» **DATA**:
· · · · · · ·
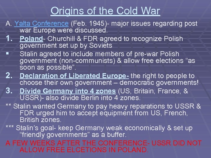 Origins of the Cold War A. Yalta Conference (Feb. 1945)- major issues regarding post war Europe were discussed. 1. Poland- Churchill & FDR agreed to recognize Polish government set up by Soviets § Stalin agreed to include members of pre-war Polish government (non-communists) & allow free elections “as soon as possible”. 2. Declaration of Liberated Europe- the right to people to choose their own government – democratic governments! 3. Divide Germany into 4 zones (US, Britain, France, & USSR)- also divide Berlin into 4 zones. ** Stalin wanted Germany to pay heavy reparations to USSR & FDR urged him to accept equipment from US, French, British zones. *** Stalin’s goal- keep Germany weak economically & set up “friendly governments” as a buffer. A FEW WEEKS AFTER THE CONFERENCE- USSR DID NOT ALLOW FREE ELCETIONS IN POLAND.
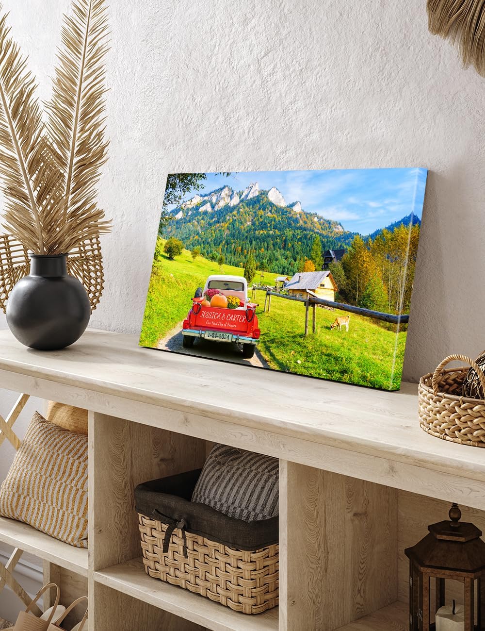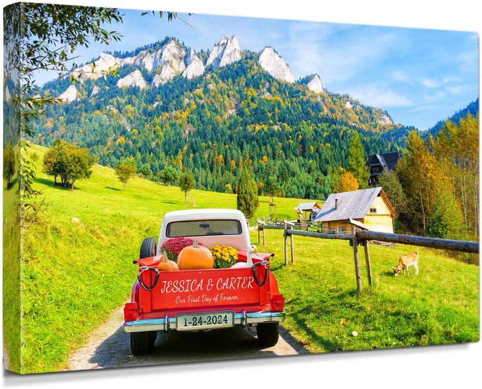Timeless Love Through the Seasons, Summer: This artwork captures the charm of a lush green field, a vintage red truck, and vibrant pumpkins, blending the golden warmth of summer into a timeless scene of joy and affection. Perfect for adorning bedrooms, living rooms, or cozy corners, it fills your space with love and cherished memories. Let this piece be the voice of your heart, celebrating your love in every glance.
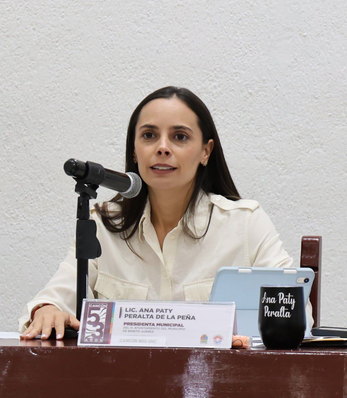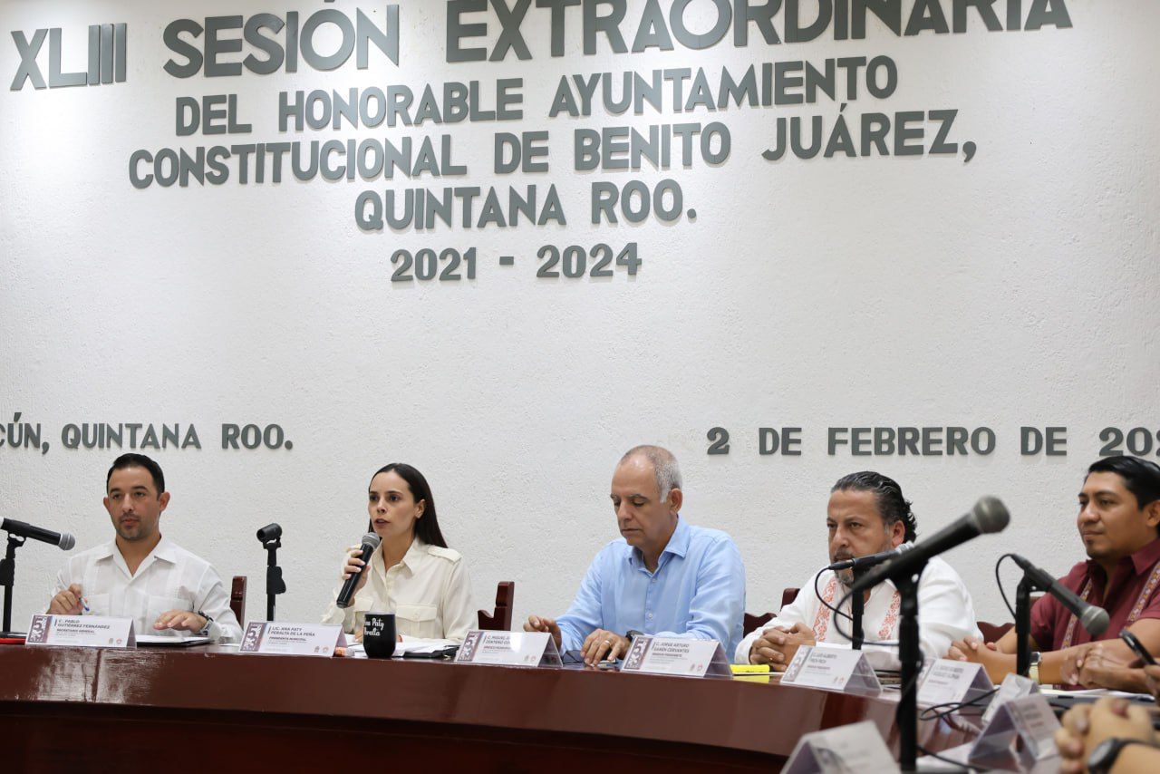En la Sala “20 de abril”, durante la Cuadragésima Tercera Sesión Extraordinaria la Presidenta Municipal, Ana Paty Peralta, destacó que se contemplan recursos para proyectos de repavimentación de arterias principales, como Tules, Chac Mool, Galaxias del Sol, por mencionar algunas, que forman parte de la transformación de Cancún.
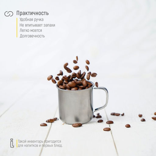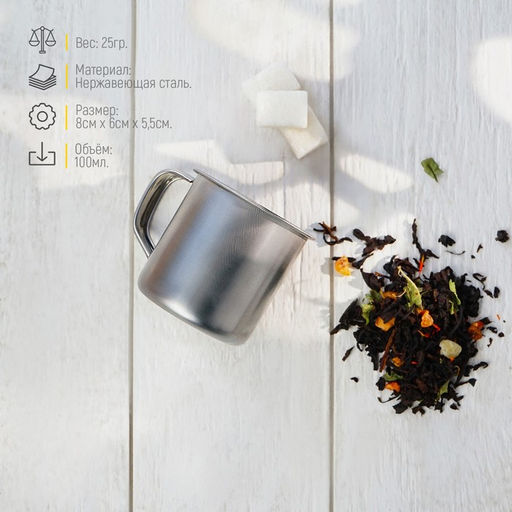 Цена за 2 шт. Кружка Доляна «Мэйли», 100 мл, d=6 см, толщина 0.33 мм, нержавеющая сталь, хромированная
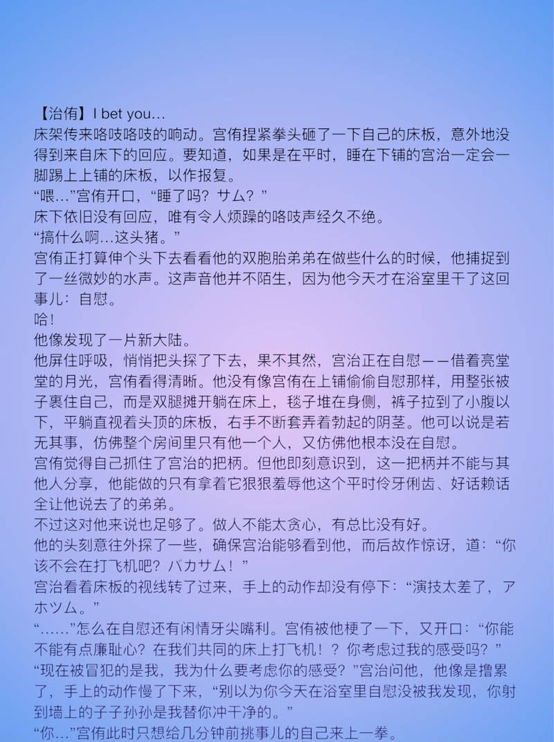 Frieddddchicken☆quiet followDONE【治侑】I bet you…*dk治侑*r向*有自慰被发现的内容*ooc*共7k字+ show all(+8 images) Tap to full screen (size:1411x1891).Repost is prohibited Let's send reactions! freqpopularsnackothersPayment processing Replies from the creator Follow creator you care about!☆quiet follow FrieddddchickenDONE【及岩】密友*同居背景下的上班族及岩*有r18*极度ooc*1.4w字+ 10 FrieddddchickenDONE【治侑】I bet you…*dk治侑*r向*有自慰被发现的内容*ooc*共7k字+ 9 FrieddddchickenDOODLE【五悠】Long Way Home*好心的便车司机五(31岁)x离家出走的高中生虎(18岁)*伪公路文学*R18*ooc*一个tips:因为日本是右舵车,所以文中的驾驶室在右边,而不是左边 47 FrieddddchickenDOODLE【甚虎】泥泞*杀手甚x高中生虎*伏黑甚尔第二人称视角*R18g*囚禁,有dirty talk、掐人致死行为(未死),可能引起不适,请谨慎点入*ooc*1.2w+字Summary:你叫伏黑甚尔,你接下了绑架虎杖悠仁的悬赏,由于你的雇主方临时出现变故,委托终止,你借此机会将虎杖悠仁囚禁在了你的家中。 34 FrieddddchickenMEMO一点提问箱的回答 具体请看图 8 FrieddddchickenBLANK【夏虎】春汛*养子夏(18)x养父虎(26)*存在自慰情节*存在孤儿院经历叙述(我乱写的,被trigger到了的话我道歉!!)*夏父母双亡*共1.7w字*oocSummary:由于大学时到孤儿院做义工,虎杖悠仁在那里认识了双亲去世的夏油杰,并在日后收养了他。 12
· · · · · · ·
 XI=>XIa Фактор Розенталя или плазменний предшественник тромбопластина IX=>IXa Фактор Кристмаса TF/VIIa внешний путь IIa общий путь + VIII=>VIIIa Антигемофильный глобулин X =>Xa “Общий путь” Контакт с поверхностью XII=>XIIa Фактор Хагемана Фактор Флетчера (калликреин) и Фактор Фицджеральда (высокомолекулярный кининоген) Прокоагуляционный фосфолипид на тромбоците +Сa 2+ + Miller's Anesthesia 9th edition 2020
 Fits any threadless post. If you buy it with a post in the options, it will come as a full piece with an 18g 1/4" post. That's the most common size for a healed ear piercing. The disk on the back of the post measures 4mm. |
· · · · · · ·
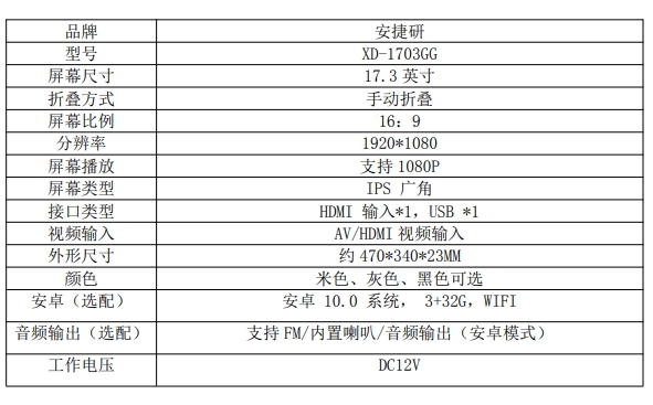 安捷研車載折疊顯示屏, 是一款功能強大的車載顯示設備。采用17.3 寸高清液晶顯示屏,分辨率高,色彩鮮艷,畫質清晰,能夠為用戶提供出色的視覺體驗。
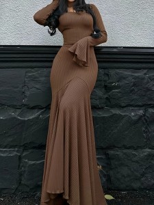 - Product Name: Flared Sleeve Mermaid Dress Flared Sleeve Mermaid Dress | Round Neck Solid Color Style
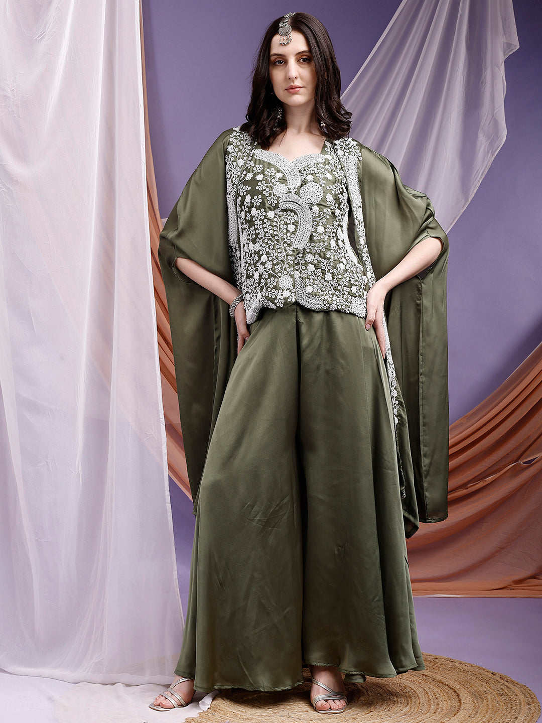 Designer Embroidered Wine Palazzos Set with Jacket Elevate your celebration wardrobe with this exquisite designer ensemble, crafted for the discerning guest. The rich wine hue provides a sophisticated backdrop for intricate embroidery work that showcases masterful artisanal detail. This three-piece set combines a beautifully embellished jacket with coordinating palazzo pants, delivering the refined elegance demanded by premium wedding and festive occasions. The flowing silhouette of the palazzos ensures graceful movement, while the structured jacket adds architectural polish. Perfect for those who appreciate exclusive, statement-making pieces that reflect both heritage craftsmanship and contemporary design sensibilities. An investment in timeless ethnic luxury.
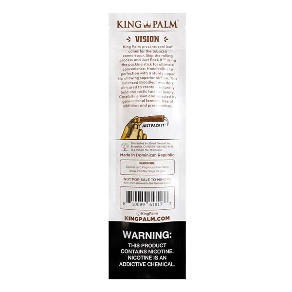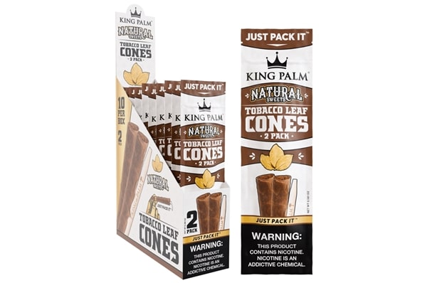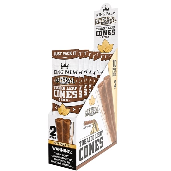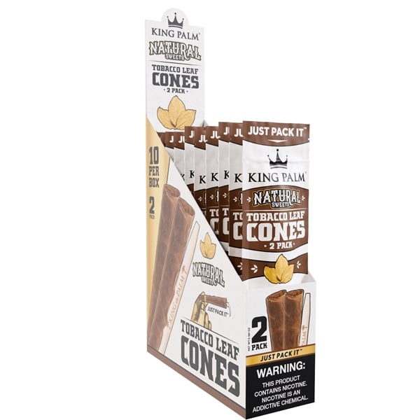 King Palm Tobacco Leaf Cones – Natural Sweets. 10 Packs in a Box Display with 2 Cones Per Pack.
· · · · · · ·
Copy out exactly the material that runs from the line with "transformación de Cancún." to the line with "Frieddddchicken☆quiet followDONE【治侑】I bet", ends included, and leave the pictures behind.

» **SOLUTION TO THE PROBLEM**:
En la Sala “20 de abril”, durante la Cuadragésima Tercera Sesión Extraordinaria la Presidenta Municipal, Ana Paty Peralta, destacó que se contemplan recursos para proyectos de repavimentación de arterias principales, como Tules, Chac Mool, Galaxias del Sol, por mencionar algunas, que forman parte de la transformación de Cancún.
 Цена за 2 шт. Кружка Доляна «Мэйли», 100 мл, d=6 см, толщина 0.33 мм, нержавеющая сталь, хромированная
 Frieddddchicken☆quiet followDONE【治侑】I bet you…*dk治侑*r向*有自慰被发现的内容*ooc*共7k字+ show all(+8 images) Tap to full screen (size:1411x1891).Repost is prohibited Let's send reactions! freqpopularsnackothersPayment processing Replies from the creator Follow creator you care about!☆quiet follow FrieddddchickenDONE【及岩】密友*同居背景下的上班族及岩*有r18*极度ooc*1.4w字+ 10 FrieddddchickenDONE【治侑】I bet you…*dk治侑*r向*有自慰被发现的内容*ooc*共7k字+ 9 FrieddddchickenDOODLE【五悠】Long Way Home*好心的便车司机五(31岁)x离家出走的高中生虎(18岁)*伪公路文学*R18*ooc*一个tips:因为日本是右舵车,所以文中的驾驶室在右边,而不是左边 47 FrieddddchickenDOODLE【甚虎】泥泞*杀手甚x高中生虎*伏黑甚尔第二人称视角*R18g*囚禁,有dirty talk、掐人致死行为(未死),可能引起不适,请谨慎点入*ooc*1.2w+字Summary:你叫伏黑甚尔,你接下了绑架虎杖悠仁的悬赏,由于你的雇主方临时出现变故,委托终止,你借此机会将虎杖悠仁囚禁在了你的家中。 34 FrieddddchickenMEMO一点提问箱的回答 具体请看图 8 FrieddddchickenBLANK【夏虎】春汛*养子夏(18)x养父虎(26)*存在自慰情节*存在孤儿院经历叙述(我乱写的,被trigger到了的话我道歉!!)*夏父母双亡*共1.7w字*oocSummary:由于大学时到孤儿院做义工,虎杖悠仁在那里认识了双亲去世的夏油杰,并在日后收养了他。 12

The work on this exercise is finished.